When the LHC turns back on in 2014 or 2015 after an upgrade, higher
energies will mean more interesting collisions, and the amount of data
collected will grow by a significant factor. But even though the LHC
will continue to possess the biggest data set in physics, its data is
much simpler than those obtained from astronomical surveys such as the
Sloan Digital Sky Survey and
Dark Energy Survey and — to an even greater extent — those that will be obtained from future sky surveys such as the
Square Kilometer Array, a radio telescope project set to begin construction in 2016, and the LSST.
“The LHC generates a lot more data right at the beginning, but they’re
only looking for certain events in that data and there’s no correlation
between events in that data,” said
Jeff Kantor,
the LSST data management project manager. “Over time, they still build
up large sets, but each one can be individually analyzed.”
In combining repeat exposures of the same cosmological objects and
logging hundreds rather than a handful of attributes of each one, the
LSST will have a whole new set of problems to solve. “It’s the
complexity of the LSST data that’s a challenge,” Tyson said. “You’re
swimming around in this 500-dimensional space.”
From color to shape, roughly 500 attributes will be recorded for every
one of the 20 billion objects surveyed, and each attribute is treated as
a separate dimension in the database. Merely cataloguing these
attributes consistently from one exposure of a patch of the sky to the
next poses a huge challenge. “In one exposure, the scene might be clear
enough that you could resolve two different galaxies in the same spot,
but in another one, they might be blurred together,” Kantor said. “You
have to figure out if it’s one galaxy or two or N.”
Beyond N-Squared
To tease scientific discoveries out of the vast trove of data gathered
by the LSST and other sky surveys, scientists will need to pinpoint
unexpected relationships between attributes, which is extremely
difficult in 500 dimensions. Finding correlations is easy with a
two-dimensional data set: If two attributes are correlated, then there
will be a one-dimensional curve connecting the data points on a
two-dimensional plot of one attribute versus the other. But additional
attributes plotted as extra dimensions obscure such curves. “Finding the
unexpected in a higher-dimensional space is impossible using the human
brain,” Tyson said. “We have to design future computers that can in some
sense think for themselves.”
Algorithms exist for “reducing the dimensionality” of data, or finding
surfaces on which the data points lie (like that 1-D curve in the 2-D
plot), in order to find correlated dimensions and eliminate “nuisance”
ones. For example, an algorithm might identify a 3-D surface of data
points coursing through a database, indicating that three attributes,
such as the type, size and rotation speed of galaxies, are related. But
when swamped with petabytes of data, the algorithms take practically
forever to run.
Identifying correlated dimensions is exponentially more difficult than
looking for a needle in a haystack. “That’s a linear problem,” said
Alex Szalay,
a professor of astronomy and computer science at Johns Hopkins
University. “You search through the haystack and whatever looks like a
needle you throw in one bucket and you throw everything else away.” When
you don’t know what correlations you’re looking for, however, you must
compare each of the N pieces of hay with every other piece, which takes
N-squared operations.
Adding to the challenge is the fact that the amount of data is doubling
every year. “Imagine we are working with an algorithm that if my data
doubles, I have to do four times as much computing and then the
following year, I have to do 16 times as much computing,” Szalay said.
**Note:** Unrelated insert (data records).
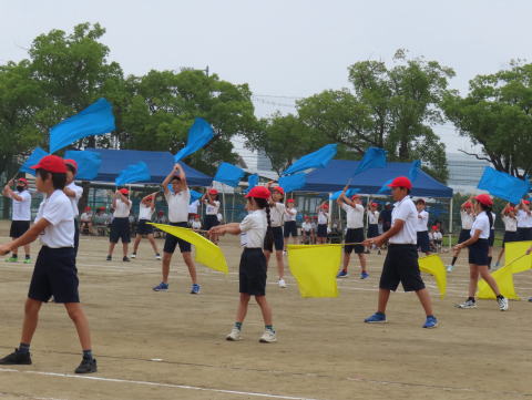 高学年 表現(フラッグ演技)の様子  |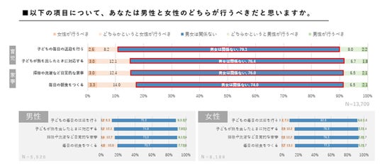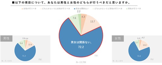 育児や家事に関する項目について、7割以上が性別は関係ないと回答。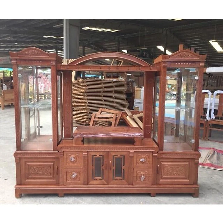 Kệ tivi kính mái vòm gỗ xoan đào 2m2-2m4

“But by next year, my computers will only be twice as fast, and in two
years from today, my computers will only be four times as fast, so I’m
falling farther and farther behind in my ability to do this.”
A huge amount of research has gone into developing scalable algorithms, with techniques such as
compressed sensing,
topological analysis and the
maximal information coefficient
emerging as especially promising tools of big data science. But more
work remains to be done before astronomers, cosmologists and physicists
will be ready to fully exploit the multi-petabyte digital movie of the
universe that premiers next decade. Progress is hampered by the fact
that researchers in the physical sciences get scant academic credit for
developing algorithms — a problem that the community widely recognizes
but has yet to solve.
“It’s always been the case that the people who build the instrumentation
don’t get as much credit as the people who use the instruments to do
the cutting-edge science,” Connolly said. “Ten years ago, it was people
who built physical instruments — the cameras that observe the sky — and
today, it’s the people who build the computational instruments who don’t
get enough credit. There has to be a career path for someone who wants
to work on the software — because they can go get jobs at Google. So if
we lose these people, it’s the science that loses.”
Coffee and Kudos
In December 2010, in an effort to encourage the development of better
algorithms, an international group of astronomers issued a challenge to
computer geeks everywhere: What is the best way to measure gravitational
lensing, or the distorting effect that
dark matter has on the light from distant galaxies?
David Kirkby read about the GREAT10 (GRavitational lEnsing Accuracy Testing 2010) Challenge on
Wired.com and decided to give it a go.
Kirkby, a physicist at the University of California, Irvine, and his
graduate student won the contest using a modified version of a
neural network algorithm that he had previously developed for the
BABAR experiment,
a large physics collaboration investigating the asymmetry of matter and
antimatter. The victory earned Kirkby a co-author credit on
the recent paper detailing the contest,
easing his switch from the field of particle physics to astrophysics.
Also, with the prize money, “we bought a top of the line espresso
machine for the lab,” he said.
GREAT10 was one of a growing number of “data challenges” designed to
find solutions to specific problems faced in creating and analyzing
large physics and astronomy databases, such as the best way to
reconstruct the shapes of two galaxies that are aligned relative to
Earth and so appear blended together.
“One group produces a set of data — it could be blended galaxies — and
then anybody can go out and try and estimate the shape of the galaxies
using their best algorithm,” explained Connolly, who is involved in
generating simulations of future LSST images that are used to test the
performance of algorithms. “It’s quite a lot of kudos to the person who
comes out on top.”
Many of the data challenges, including the GREAT series, focus on
teasing out the effects of dark matter. When light from a distant galaxy
travels to Earth, it is bent, or “lensed,” by the gravity of the dark
matter it passes through. “It’s a bit like looking at wallpaper through a
bathroom window with a rough surface,” Kirkby said. “You determine what
the wallpaper would look like if you were looking at it directly, and
you use that information to figure out what the shape of the glass is.”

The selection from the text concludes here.